Vascular Endothelial Growth Factor Receptor-2 and Vascular Endothelial Growth Factor-A Are Localized Primarily to the Vasculature in Pilomyxoid Astrocytoma: A Comparative Study with Juvenile Pilocytic Astrocytoma.
Shree G Sharma, Ali G Saad. Arkansas Children's Hospital, Little Rock
Background: In recent WHO classification, pilomyxoid astrocytoma (PMA) has been added into the category of histological variants of pilocytic astrocytoma (PA). While PMA often show focal features of PA, it has a more aggressive clinical course. Vascular endothelial growth factor (VEGF) signaling is key to physiologic and pathologic angiogenesis and lymphangiogenesis, and is an established target in the development of anticancer therapeutics. VEGF-A is an important driver of the neovascular growth required to support solid tumor progression. The primary signaling receptor for VEGF-A is VEGFR-2, and activation of VEGFR-2 by VEGF-A directs the migration and extension of sprouting vessels.

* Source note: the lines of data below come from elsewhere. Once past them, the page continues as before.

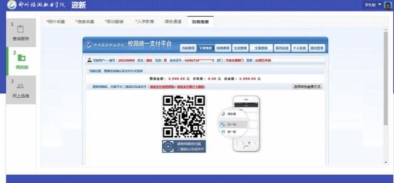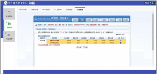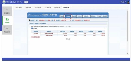 该环节与学校统一支付平台联动,点击后自动打开支付平台,点击【学费缴费】,显示个人2024年度应交款明细表,点击【下一步】按钮,按照说明依次点击【下一步】按钮。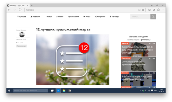 Ну и напоследок о внешнем виде. В целом Project Spartan выглядит вполне прилично, в стиле Windows 8/10. Пространства для контента отвели больше, чем это было в Internet Explorer, однако браузер все равно выглядит как тот же IE, и избавиться от этого ощущения не получается абсолютно никак. К тому же о предке напоминают и такие раздражающие вещи как медленная загрузка страниц (хотя по заверениям Microsoft в новом браузере используется совершенно другой движок) и открытие ссылок в новом отдельном окне вместо вкладки.
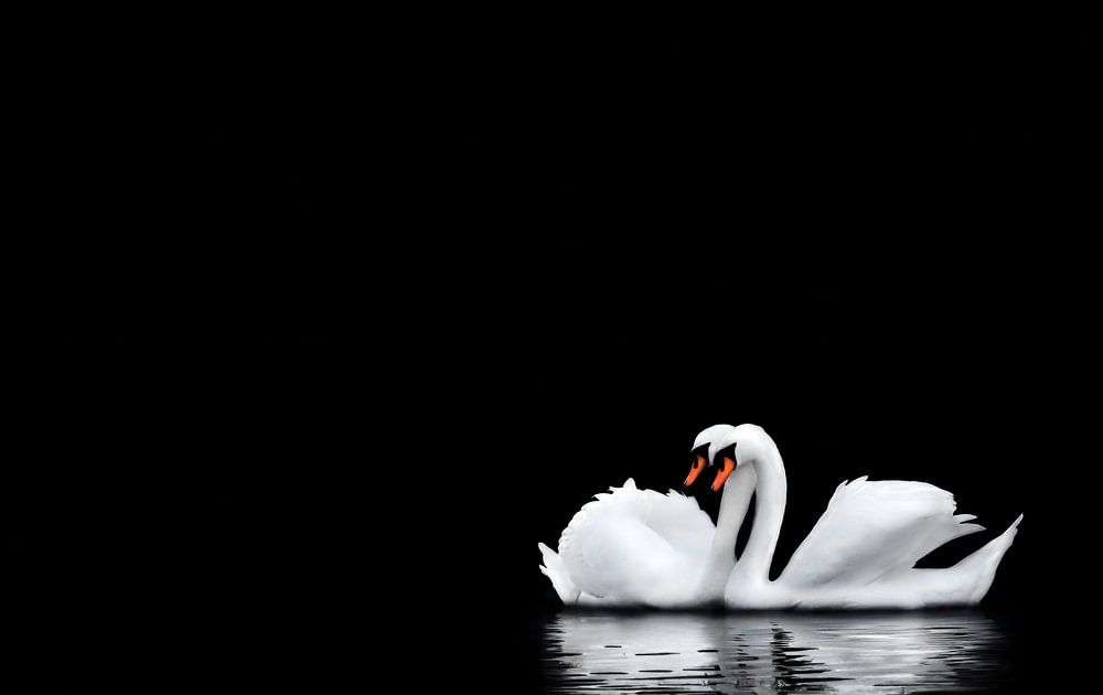 Due to the dark background nothing distracts from the two swans and the image looks calm and modern.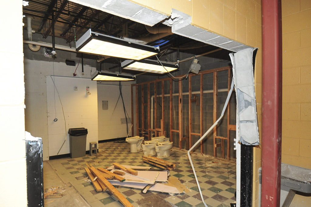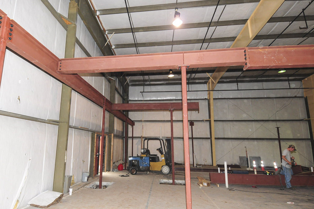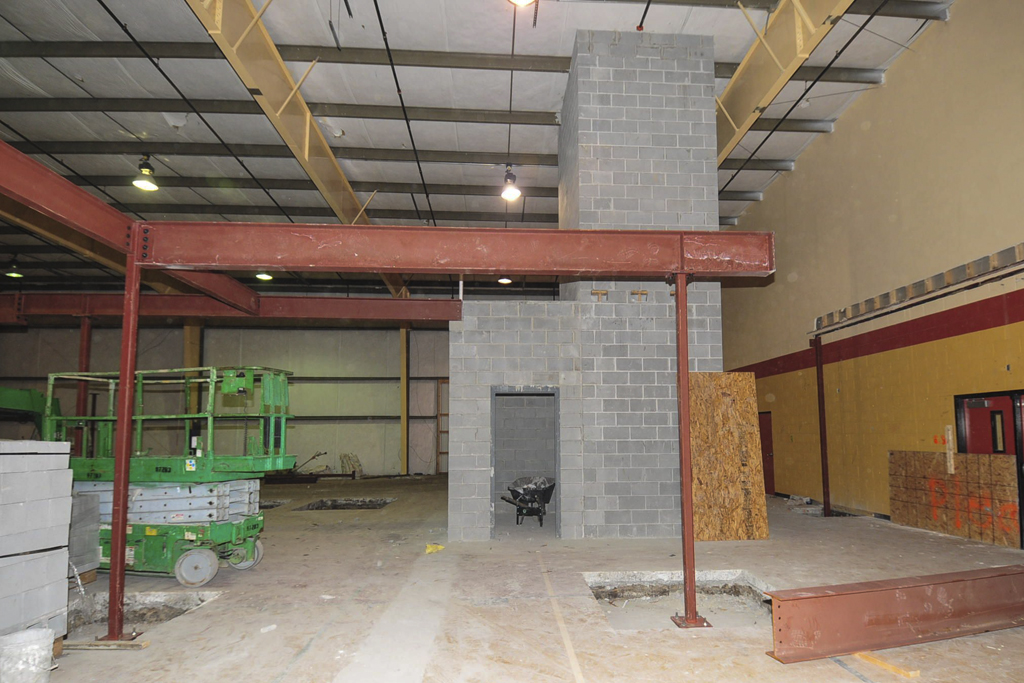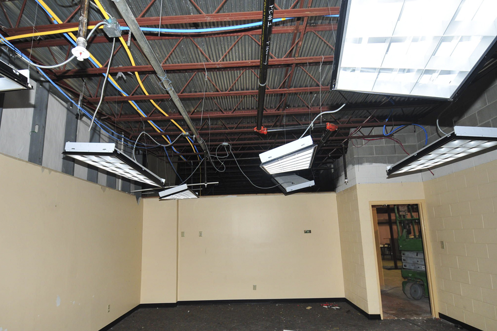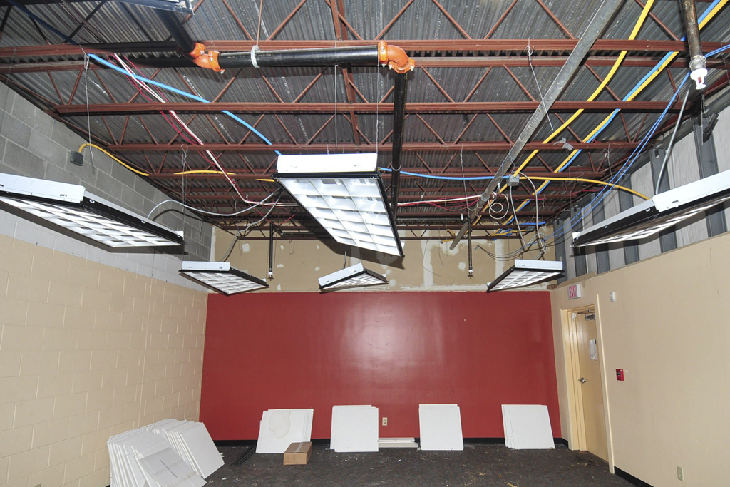 Steel framing for the new second floor is going up in the gymnasium. Interior walls are are being taken down in preparation for the new room layout. Electrical and plumbing rough-ins are underway.
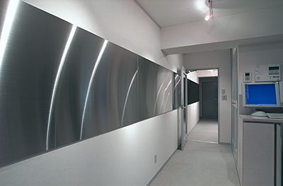 - 壁面収納は全体のバランスから幅広のもので壁面全体でなく、宙に浮いた2つのボックスでまとめました。また、全体の統一感とコンセプトイメージを与えるために廊下から続く14mの壁面に着目し、ここにステンレスパネルを採用しました。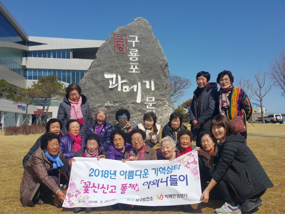 포항시 남구보건소는 22일 구룡포 단기치매쉼터 참여 어르신 20여 명을 모시고 구룡포 과메기문학관~아라예술촌을 경유하는 야외나들이 행사「 꽃신신고 폴짝」을 개최했다.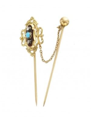 3148. Broche barrette sertie de turquoises, St Petersbourg

Design: Six PMAs and 15 PAs are included in this study. Five cases of PMAs were identified by reviewing all cases of PAs on files in the Department of Pathology at Arkansas Children's Hospital since 1970. PAs cases consisted of the last 15 cases accessed in our files. In each case, three 4-µm-thick sections were performed and immunostained with antibody against VEGFR-2, and VEGF-A. The results are correlated with clinical prognosis.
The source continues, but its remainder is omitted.